I tried to implement a FCN with PyTorch ,which I have previously implemented in Torch. The BCE losses drops to around 0.05 after several epoches, but when I simply run a inference, even an image in the training dataset, the result is just something mess:
really can not understand why. Any help?
The main training loop:(I use my own image dataloader and training loop, label is either 1 or 0)
optimizer = optim.Adam(fcn.parameters(), lr=opt.lr)
def train(epoch):
np.random.shuffle(name_list)
epoch_lossSeg = 0.0
for iteration in range(0, dataset_size,opt.batchSize):
batch_img_tensor = torch.FloatTensor(opt.batchSize, 3, opt.h, opt.w)
batch_annotation_tensor = torch.FloatTensor(opt.batchSize,1,opt.h, opt.w)
# get a batch input and label
for i in range(iteration+0, iteration + opt.batchSize):
img_ = Image.open(opt.train_img_path + '/' + name_list[i])
img = img_.resize(img_size,Image.BILINEAR)
batch_img_tensor[ i-iteration ] = torch.from_numpy(np.array(img)).float()
annotation_ = Image.open(opt.train_label_path + '/' + name_list[i])
annotation = annotation_.resize(img_size,Image.NEAREST)
batch_annotation_tensor[i-iteration] = torch.from_numpy(np.array(annotation)).float()
# PyTorch use pixel values from 0 to 1
batch_img_tensor = batch_img_tensor
batch_annotation_tensor = batch_annotation_tensor / 255
batch_input = Variable(batch_img_tensor).cuda()

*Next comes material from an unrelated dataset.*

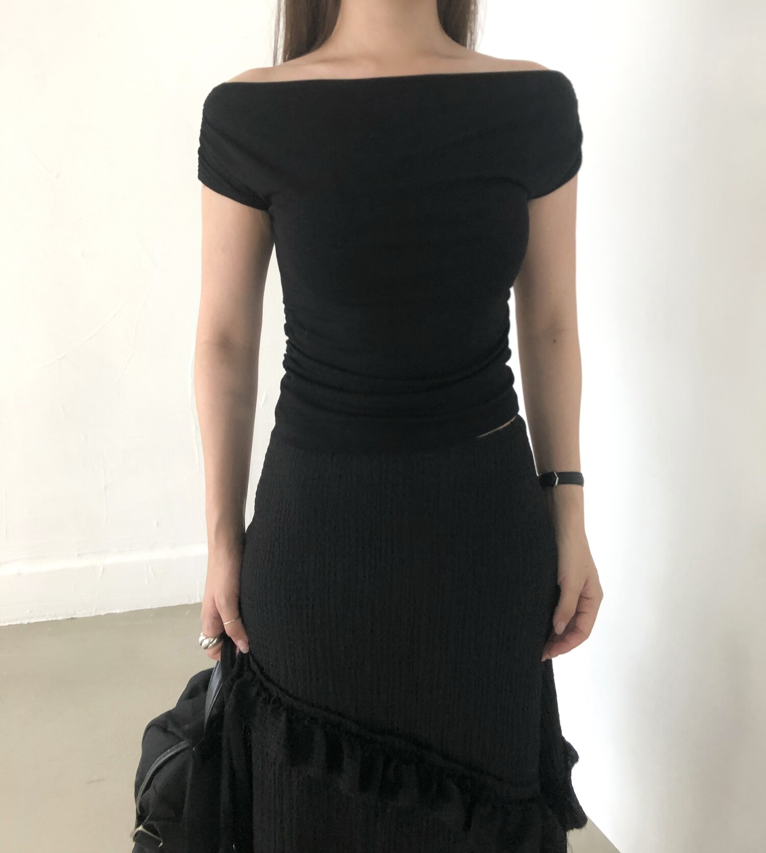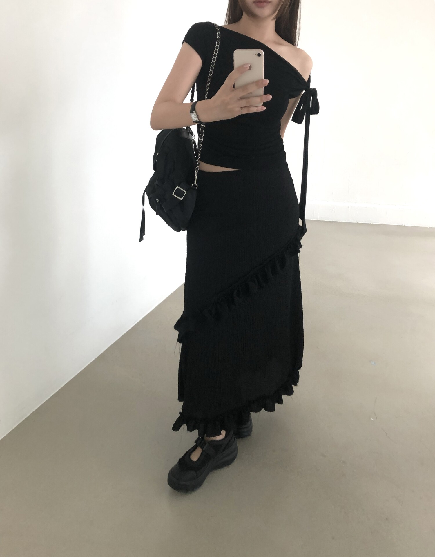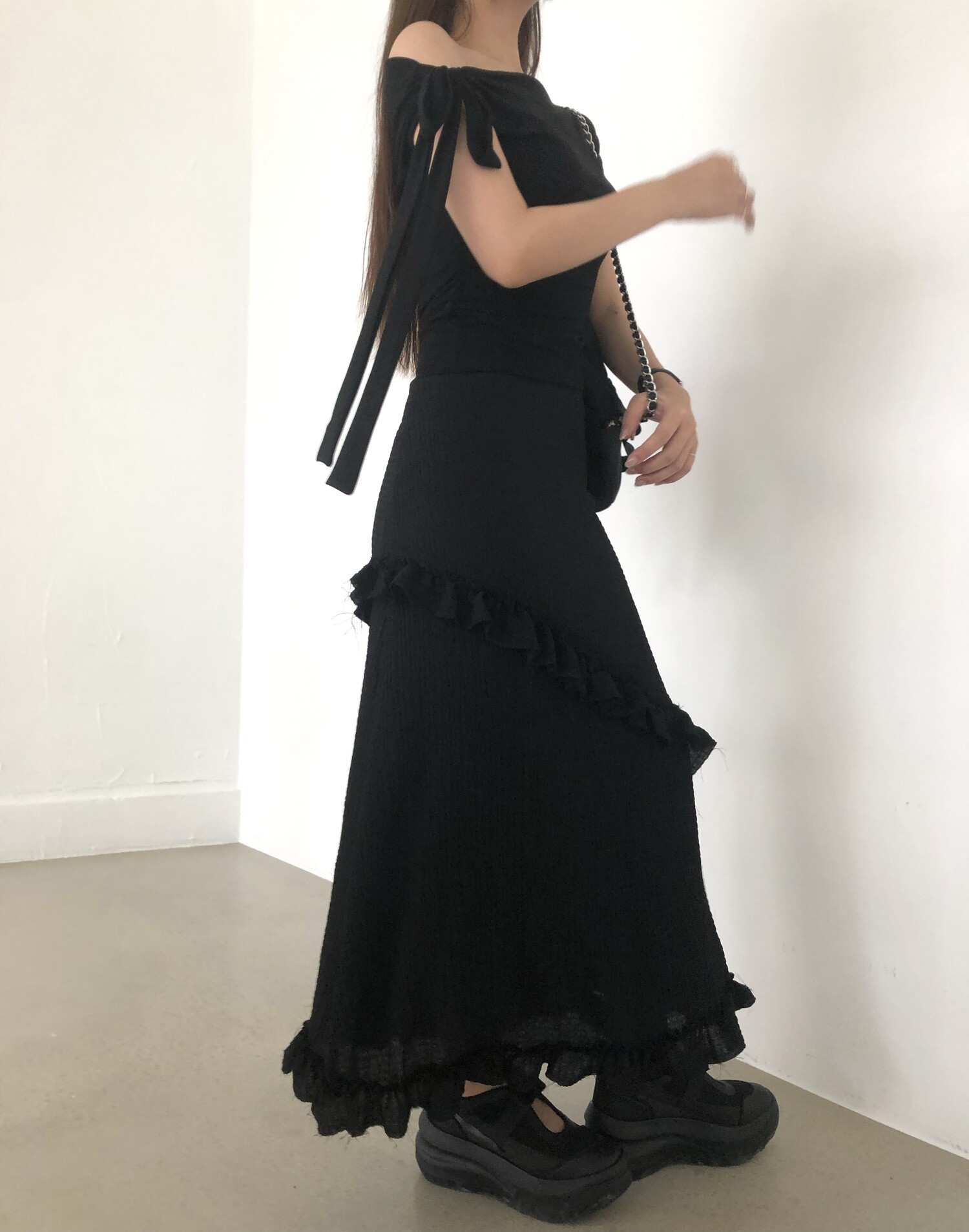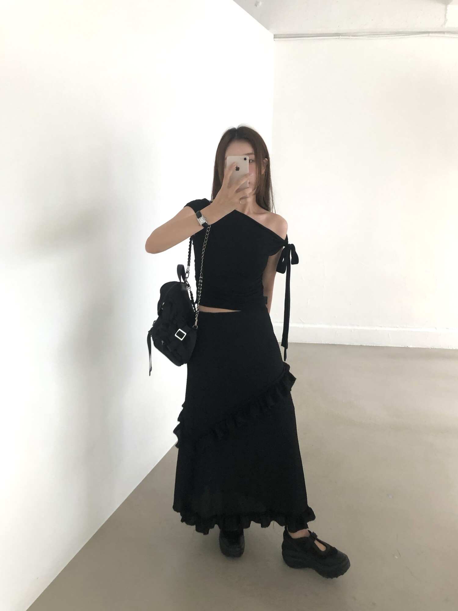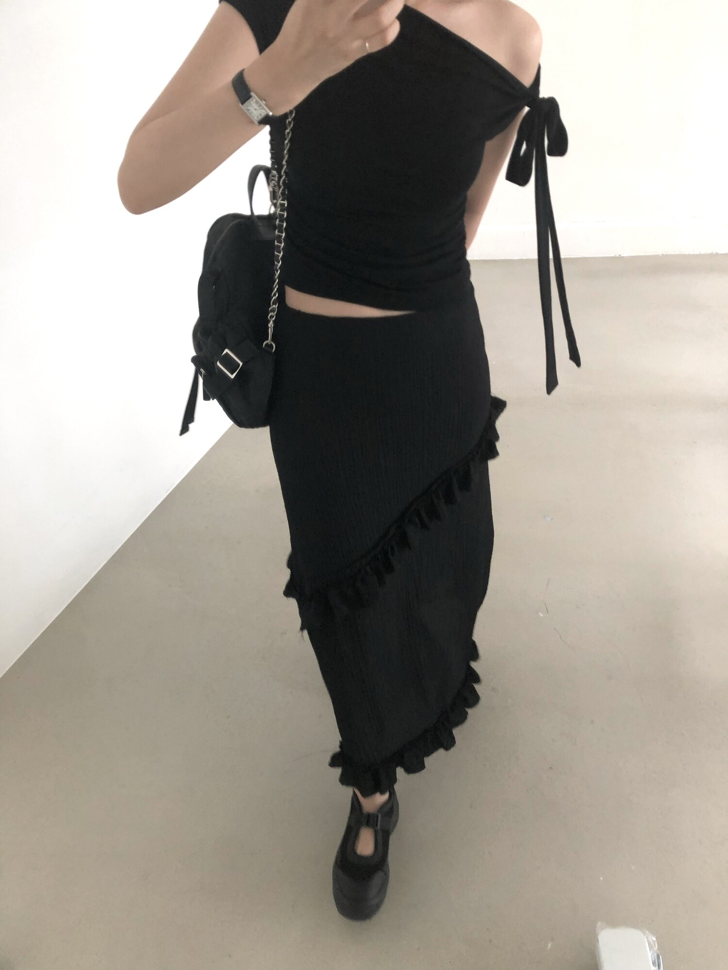 블랙 롱 스커트는 거래처 품절된 상품입니다. 스타일링 참고만 부탁드립니다.

batch_annotation = Variable(batch_annotation_tensor).cuda()
optimizer.zero_grad()
output = fcn.forward(batch_input)
err_seg = criterion(output,batch_annotation)
err_seg.backward()
optimizer.step()
inference code:
img = Image.open('...')
size = 256,256
img = img.resize((256,256))
input_tensor = torch.FloatTensor(1,3,256,256)

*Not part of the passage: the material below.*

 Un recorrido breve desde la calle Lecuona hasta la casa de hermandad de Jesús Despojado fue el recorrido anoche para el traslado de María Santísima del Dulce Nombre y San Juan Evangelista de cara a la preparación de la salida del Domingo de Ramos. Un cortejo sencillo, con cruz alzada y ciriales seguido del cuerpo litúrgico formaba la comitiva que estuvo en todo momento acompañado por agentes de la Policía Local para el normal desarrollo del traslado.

input_tensor[0] = torch.from_numpy(np.asarray(img))
input_tensor = input_tensor.float()
input_var = Variable(input_tensor)
fcn.eval()
out = fcn.forward(input_var.cuda())
from matplotlib import pyplot as plt
import numpy
out = out.cpu()
out_img = out.data[0]
plt.imshow(out_img.numpy()[0])
do you perform the same image pre-processing during training and testing?
To double check, during training you could save some example images of the training predictions (making sure that you are saving after softmax if using NLLLoss, keeping only the prediction channel, etc). This could show if you are wrongly pre-processing your test images.
Maybe. I didn’t check in details your code, but are you using a pre-trained network?
And if yes, make sure that the image pre-processing is the same (you are not subtracting the imagenet mean/std, so if you use models from modelzoo, it won’t work).
Also, it would make your life easier (and the code would be faster as well) if you implemented a Dataset, and used a dataLoader from pytorch (as it would load the images using multiple threads).
I need to annotation tensors to be batchSize*1*256*256 with 0 and 1 pixel values. But when I tried to load them using Dataset class, the tensors just become the rgb channel images. Where should I change ?
Besides, is there any difference between the following two ways to save models? I used the second one
To load the images without converting them to RGB, just don’t pass the .convert('RGB') option to PIL.
The difference between both is that in the first one, you just save the parameters, while the second you save the full structure. The first one is advised, because it’s clear what the model structure is (you need to have a file that defines it), but both should work just fine.